Let $A, B, C$ be finite abelian groups such that $A\oplus B\cong A\oplus C$. Then $B\cong C$. $(*)$
Is there an elementary proof for the result $(*)$ above?
All the proofs that I have seen thus far either use results which require $(*)$ to be proven (and thus making a circular argument), or they use advanced concepts and theorems, which make the proof appear like magic, with no or little intuition for why $(*)$ is true.
I don't mind the length or the difficulty, as long as it's elementary (without using theorems like: the fundemntal theorem of abelian groups or Krull-Remak-Schmidt theorem).
Here's a completely elementary proof.
It goes as follows :
The isomorphism implies a bijection and thus an equality of cardinals : $|B| = |C|$. It thus suffices to prove that there exists an injective morphism $B\to C$
Letting $I(G,H)$ denote the set of injective morphisms $G\to H$, $i(G,H)$ its cardinal, it suffices to show that $i(B,C) \geq 1$. Knowing that $i(B,B) \geq 1$, it thus suffices to show $i(B,B) = i(B,C)$.
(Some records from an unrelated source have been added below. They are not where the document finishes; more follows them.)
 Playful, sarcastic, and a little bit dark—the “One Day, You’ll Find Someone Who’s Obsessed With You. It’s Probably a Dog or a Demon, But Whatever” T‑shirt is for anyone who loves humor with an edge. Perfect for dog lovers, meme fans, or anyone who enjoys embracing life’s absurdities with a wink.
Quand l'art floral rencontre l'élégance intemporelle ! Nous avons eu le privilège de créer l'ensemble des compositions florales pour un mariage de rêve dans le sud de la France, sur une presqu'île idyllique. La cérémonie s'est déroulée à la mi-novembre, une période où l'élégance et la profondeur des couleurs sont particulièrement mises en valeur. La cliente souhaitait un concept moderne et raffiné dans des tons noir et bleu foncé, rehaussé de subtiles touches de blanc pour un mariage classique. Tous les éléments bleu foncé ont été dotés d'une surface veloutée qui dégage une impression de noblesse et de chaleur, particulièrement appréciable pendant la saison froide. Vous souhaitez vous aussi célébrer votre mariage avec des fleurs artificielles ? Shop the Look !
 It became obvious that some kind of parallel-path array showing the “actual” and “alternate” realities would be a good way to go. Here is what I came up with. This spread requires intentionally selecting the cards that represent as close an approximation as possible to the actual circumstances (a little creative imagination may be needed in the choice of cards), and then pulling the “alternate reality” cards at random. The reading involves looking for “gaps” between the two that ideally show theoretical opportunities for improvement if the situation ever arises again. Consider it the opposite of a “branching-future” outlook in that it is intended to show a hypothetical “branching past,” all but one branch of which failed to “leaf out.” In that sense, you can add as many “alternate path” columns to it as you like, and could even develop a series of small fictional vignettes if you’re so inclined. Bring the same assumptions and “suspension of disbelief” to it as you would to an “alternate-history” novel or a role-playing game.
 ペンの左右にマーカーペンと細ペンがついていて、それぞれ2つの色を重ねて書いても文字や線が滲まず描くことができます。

Let $\hom(G,H)$ denote the set of group morphisms from $G\to H$ and $h(G,H)$ its cardinal. We have, for all groups $G$, $\hom(G,A\oplus B) \cong \hom(G,A)\times \hom(G,B)$ (this is a classical property of the direct sum, I advise you to make sure you understand it).
Since for all $G, \hom(G,A) \neq \emptyset$ (there's always the trivial morphism), for any group $G$, we have $h(G,A\oplus B) = h(G,A)h(G,B)$, $h(G,A\oplus C) = h(G,A)h(G,C)$ and $A\oplus C\cong A\oplus B$ implies $h(G,A\oplus B) = h(G,A\oplus C)$, so that for all $G$, $h(G,B) = h(G,C)$.
Let $G,K$ be a arbitrary groups. Then $\hom(G,K)= \bigsqcup_{H\triangleleft G}\{f: G\to K\mid \ker(f) = H\}$ and so $\hom(G,K)\cong \bigsqcup_{H\triangleleft G}I(G/H,K)$ (a morphism $G\to K$ with kernel $H$ corresponds precisely to an injective morphism $G/H\to K$)
Therefore $h(G,K) = \sum_{H\triangleleft G}i(G/H,K)$ by taking cardinalities.
One may thus prove, by induction on $|G|$, that if $h(G,K)= h(G,L)$ for all finite $G$ ($K,L$ fixed finite groups), then for all finite $G$, $i(G,K) = i(G,L)$ (Proof : assume $i(G,K) = i(G,L)$ for all $G$ of cardinality $<n$ and let $G$ have cardinality $n$. Then for all $\{1\}\neq H\triangleleft G$, $G/H$ has cardinality $<n$ and so $i(G/H,K) = i(G/H,L)$ by induction hypothesis. Since we also have $h(G,K) = h(G,L)$ by hypothesis, substracting things in the previous equality yields $i(G,K) = i(G,L)$)
We conclude : By the $4$th point, $h(G,B) = h(G,C)$ for all finite groups $G$, so that by the previous point $i(G,B) = i(G,C)$ for all $G$. Apply this to $G= B$ and we get $i(B,B) = i(B,C)$, which is enough by the $2$nd point.